Sonsuzluğun Eşiğinde Sonluluğa Tutunmak




"Sadece seninleyken yalnız olabiliyorum."

Görsel ve Alıntı Metin: Wim Wenders, Wings of Desire, 1987


Bu yazıda, tesirinde uzun bir süre kaldığım, benlik gelişimim adına mühim bulduğum bir rüyaya ve bilgisine, deneyimine pek kıymet verdiğim birisinin bu rüyaya getirdiği değerli yoruma yer vereceğim.

Rüya

Yaşadığım apartmanın önündeki sokaktayım. Sokağı gökten yağan küller doldurmuş. Onları bir görev duygusuyla süpürmeye çalışıyorum. Sokak bomboş. Sadece ben varım. Sonra atmosferin yapısının bozulduğunu ve artık nefes almanın insanları zehirlediğini fark ediyorum. Süpürmeyi durduruyorum. Ağzımı ve burnumu, kar etmeyeceği bilgisi içinde kapatıp asansöre biniyorum. Keşke gaz maskem olsaydı diyorum bir yandan da. Eve çıkınca pencereden yağan külleri izliyorum ve dünyanın sonunun geldiğini düşünüyorum.

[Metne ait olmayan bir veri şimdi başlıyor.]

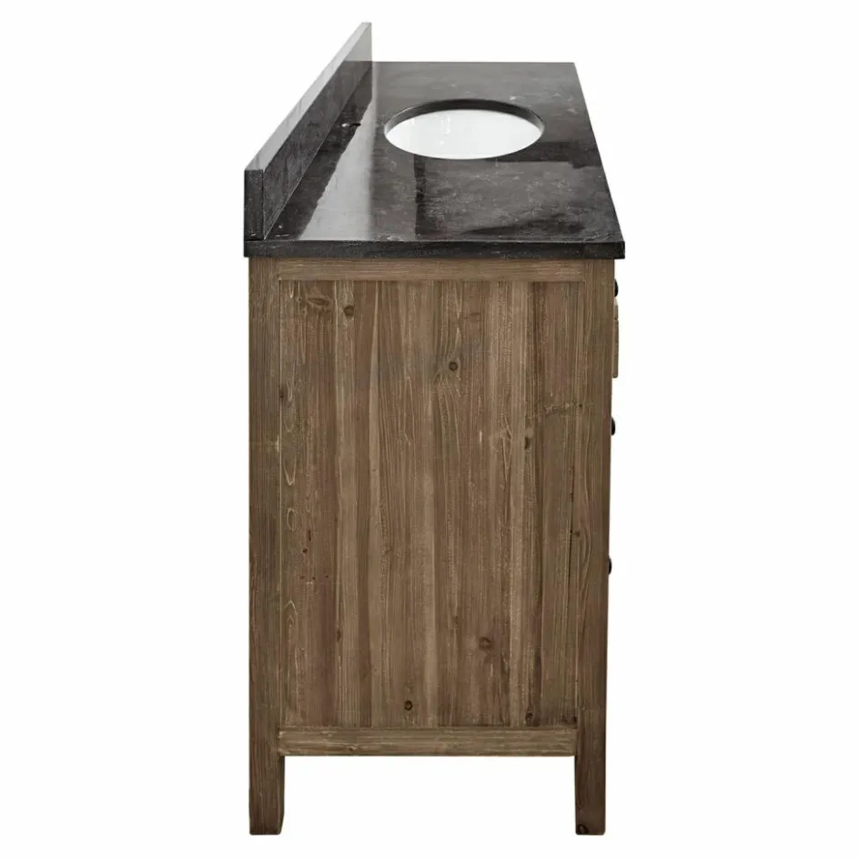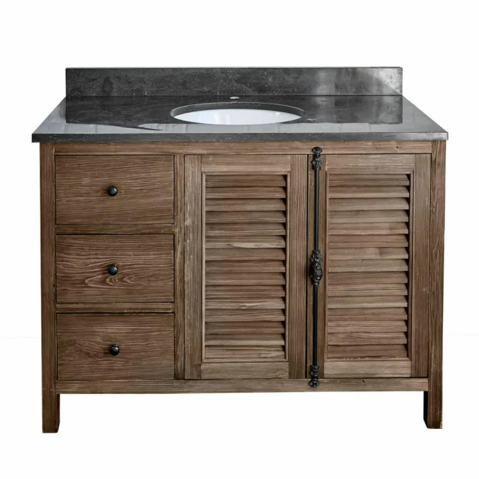 Ein Waschtisch, der mit Charakter und Natürlichkeit überzeugt. Die massive Blausteinplatte bildet einen stilvollen Kontrast zum warmen, wiederaufbereiteten Holz, dessen natürliche Maserung besonders gut zur Geltung kommt. Das eingelassene Keramik-Waschbecken fügt sich harmonisch in das Design ein und sorgt für eine klassische, zeitlose Optik. Drei Schubladen und zwei Türen mit Lamellenfront bieten großzügigen Stauraum und unterstreichen die gelungene Mischung aus Funktionalität und Ästhetik. Ob in einem modernen oder ländlichen Badezimmer – dieses Möbelstück setzt ein stilvolles Statement und bringt natürliche Eleganz in den Raum.

Zehirli gazı solumam sebebiyle ateşim yükseliyor. Gittikçe halsizleşiyorum ve ölmek üzere olduğum bilgisini hissediyorum. Yere yığılıyorum. Durumum gitgide daha da ağırlaşıyor. Kabullenmişlik hissediyor, korkmuyorum. Kaçabileceğim bir yer yok. Teslim oluyorum.

Ölmek üzereyken tutabileceğim bir nesne arıyorum. Çünkü birazdan bilincimi kaybedeceğim ve sevdiklerimle, dünyayla irtibatım tümden kopacak. Eğer bir nesneye dokunarak ölürsem (aklıma saç tokası geliyor), ölürken ruhumun o cismin içerisine nüfuz edebileceğini ve böylece sevdiklerimin ben öldükten sonra o cisme ne zaman dokunsa benimle, benim de onlarla irtibat kurabileceğimi düşünüyorum. Bu düşüncelerle bilincim kapanıyor.

Yorum

Gökhan, bir terapist olarak değil ama bir dostun olarak bu rüyanın, gelişimin için çok kıymetli olduğunu düşünüyorum. Kierkegaard’ı çok sevdiğimi biliyorsun. Kierkegaard bu rüyanı dinlemiş olsaydı, sana, “Bu rüyan ile felsefemi, anlatmaya çalıştığım neredeyse her şeyi özetlemişsin.” derdi muhtemelen. O, benliği, Ölümcül Hastalık Umutsuzluk’ta sonsuzluk ile sonlunun, geçici ile kalıcının, özgürlük ile zorunluluğun bir sentezi olarak tarif eder. Rüyada Heidegger’in dediği gibi, ölüme doğru bir varlık’sın. Aşama aşama ölümün dehşetini hissediyorsun. Son aşamada tam ölmek üzereyken sonlu bir şeye tutunuyorsun. Kierkegaard Kaygı Kavramı’nda bu sahneyi birebir şöyle anlatır:

Kaygı baş dönmesiyle karşılaştırılabilir. Aşağıya, cehennemin ağzını açmış çukuruna bakan herkesin başı döner. Peki ama neden? Cehennem çukurundan olduğu kadar gözleri yüzünden de. Varsayın ki aşağıya bakmadı: Kaygı, sentez tin tarafından gerçekleştirildiğinde oluşan özgürlüğün baş dönmesidir. Özgürlük aşağıya, kendi olanağına bakar, düşmemek için de sonlu oluşuna tutunur. Özgürlük bu baş dönmesine boyun eğer (…) Tam o anda her şey değişir ve özgürlük yeniden ayağa kalktığında suçlu olduğunu görür.

Ölüm anında yani sonsuzluğun eşiğindeyken tokaya tutunman Kierkegaard'ın da vurguladığı gibi, sonlu olana tutunmak demek. Ama özgürlüğün, sırf bu sebeple ölümünün yarattığı baş dönmesine boyun eğiyor ve buradan suçlu olduğunu görerek ayağa kalkacak. Kierkegaard’a göre ölümün eşiğinde, sonsuzluğun cehennemine bakarken sonlu olan bizi kurtaramaz çünkü. Bana öyle geliyor ki ödevin, ölüme giderken, sonluluğa değil de sonsuzluğa, yani içindeki Tanrı'ya tutunmayı başarmak. Gördüğün rüya, bu hedefe giden bir basamak gibi geldi bana. Bu sadece senin değil; benim, hepimizin ödevi.